**DATASET ENTRIES:**

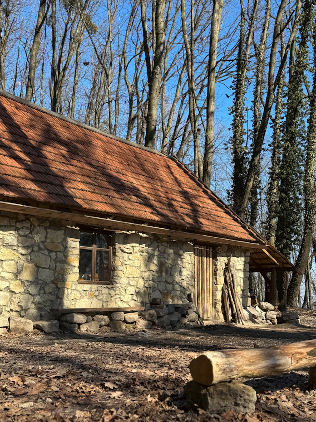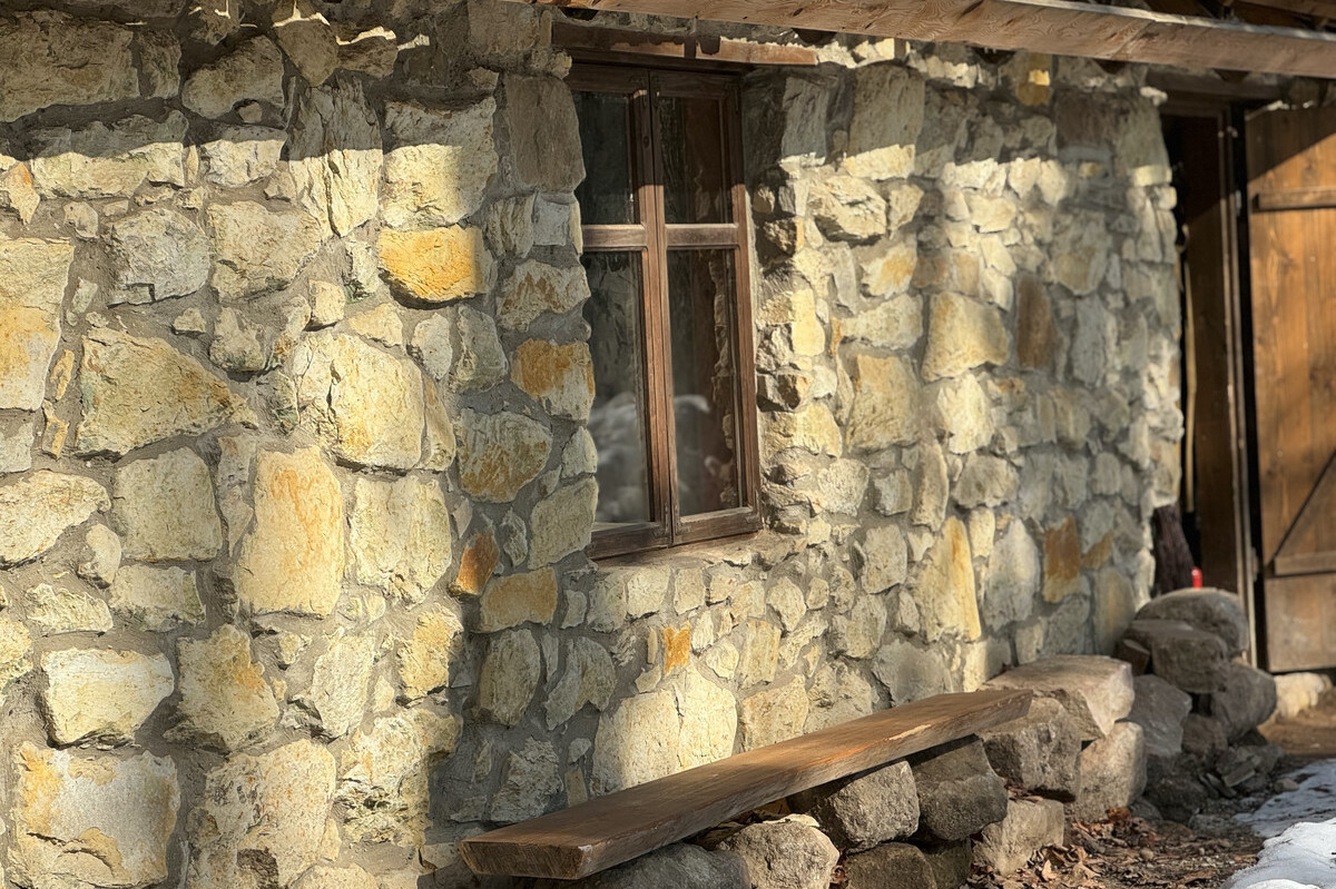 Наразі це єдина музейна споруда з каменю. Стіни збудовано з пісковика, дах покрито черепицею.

--

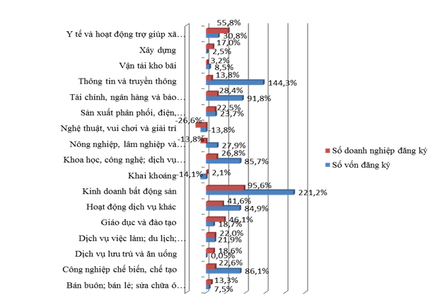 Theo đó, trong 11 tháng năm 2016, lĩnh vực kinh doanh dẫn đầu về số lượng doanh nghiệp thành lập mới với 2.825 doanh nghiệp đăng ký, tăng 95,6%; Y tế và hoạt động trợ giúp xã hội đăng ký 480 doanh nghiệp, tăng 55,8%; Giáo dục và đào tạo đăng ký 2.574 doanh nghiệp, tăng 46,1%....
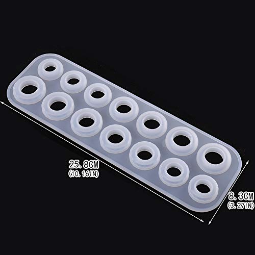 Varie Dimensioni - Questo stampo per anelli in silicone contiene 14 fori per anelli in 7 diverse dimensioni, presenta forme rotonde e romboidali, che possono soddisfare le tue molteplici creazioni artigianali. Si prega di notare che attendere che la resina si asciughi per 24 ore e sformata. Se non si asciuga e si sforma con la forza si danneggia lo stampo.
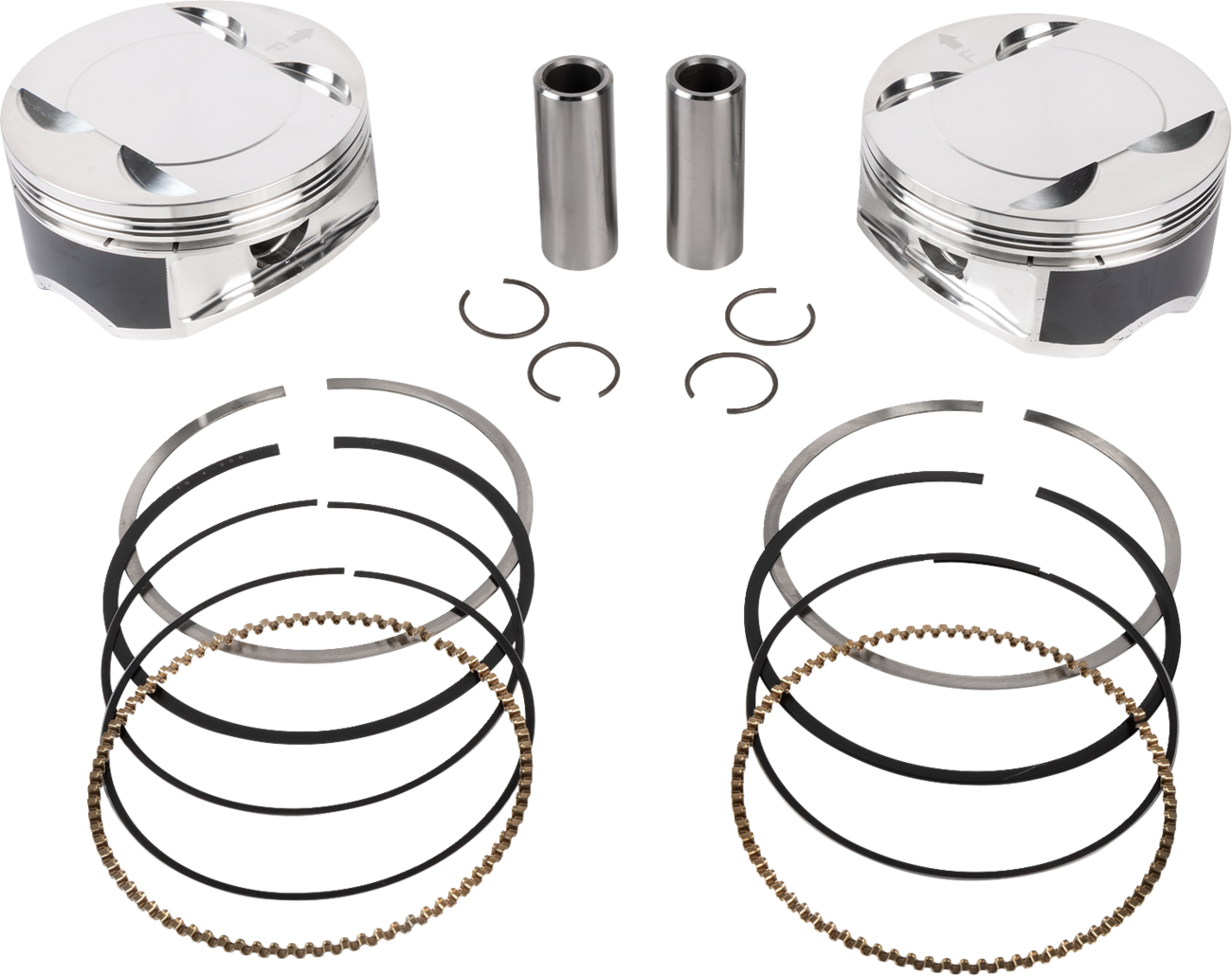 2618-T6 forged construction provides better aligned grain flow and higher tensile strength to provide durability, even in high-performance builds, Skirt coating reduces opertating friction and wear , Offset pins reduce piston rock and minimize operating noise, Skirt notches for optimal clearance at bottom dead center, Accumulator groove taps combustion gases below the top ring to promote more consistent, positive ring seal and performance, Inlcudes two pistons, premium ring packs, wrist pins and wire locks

**EXERCISE OBJECTIVE:**
Respond with the exact lines above running from the one containing "Theo đó, trong" to the one containing "2618-T6 forged construction", both ends kept and no pictures included.

**RESPONSE TO THE TASK:**
 Theo đó, trong 11 tháng năm 2016, lĩnh vực kinh doanh dẫn đầu về số lượng doanh nghiệp thành lập mới với 2.825 doanh nghiệp đăng ký, tăng 95,6%; Y tế và hoạt động trợ giúp xã hội đăng ký 480 doanh nghiệp, tăng 55,8%; Giáo dục và đào tạo đăng ký 2.574 doanh nghiệp, tăng 46,1%....
 Varie Dimensioni - Questo stampo per anelli in silicone contiene 14 fori per anelli in 7 diverse dimensioni, presenta forme rotonde e romboidali, che possono soddisfare le tue molteplici creazioni artigianali. Si prega di notare che attendere che la resina si asciughi per 24 ore e sformata. Se non si asciuga e si sforma con la forza si danneggia lo stampo.
 2618-T6 forged construction provides better aligned grain flow and higher tensile strength to provide durability, even in high-performance builds, Skirt coating reduces opertating friction and wear , Offset pins reduce piston rock and minimize operating noise, Skirt notches for optimal clearance at bottom dead center, Accumulator groove taps combustion gases below the top ring to promote more consistent, positive ring seal and performance, Inlcudes two pistons, premium ring packs, wrist pins and wire locks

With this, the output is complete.